Principale raison : la suppression, en 2018, de l’impôt de solidarité
sur la fortune (ISF), transformé en impôt sur la fortune immobilière
(IFI). Le nombre d’assujettis a fondu de 350 000 à 150 000 foyers. Une
perte de donateurs potentiels qui pouvaient, jusqu’en 2017, réduire leur
imposition de 75 % du montant de leurs dons, dans la limite de 50 000
euros, mais ne voient plus l’intérêt de le faire.
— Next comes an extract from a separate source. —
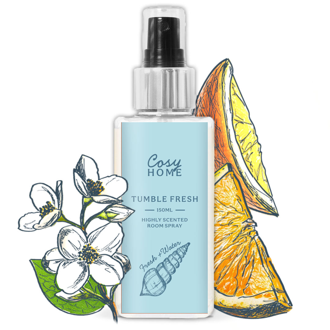 Our Tumble Fresh room spray unmistakable scent of fresh sheets and clothes. That gorgeous clean scent has been captured in this stunning room spray.

La disparition de l’ISF contribue à une baisse des dons
Au 30 juin 2018, date de déclaration du patrimoine taxable, 58 % des
dons issus de cette seule source, soit 150 millions d’euros, ont ainsi
disparu. La Fondation du protestantisme, qui irrigue la trésorerie d’une
centaine d’associations, a vu se volatiliser 38 % de ses recettes par
dons, passées de 4 à 2,5 millions d’euros : « Nos donateurs fortunés
contestaient l’ISF et préféraient nous donner que le payer, reconnaît
Elsa Bouneau, directrice générale. Cet argent va manquer à des acteurs
comme l’Armée du salut ou la Cimade et à leurs actions auprès des
sans-abri et des migrants… »
La Fondation de France, qui abrite elle-même 850 organismes et fêtera,
cette année, ses 50 ans, accuse le coup. Les sommes récoltées fondent à
100 millions d’euros, en 2018, après les 140 millions d’euros de 2017,
année, il est vrai, exceptionnelle. « Il ne faut pas voir les avantages
fiscaux de l’ISF ou de l’impôt sur le revenu comme des niches, mais
plutôt comme un impôt choisi, pour la cause qui motive le donateur,
analyse Axelle Davezac, directrice générale de la Fondation de France.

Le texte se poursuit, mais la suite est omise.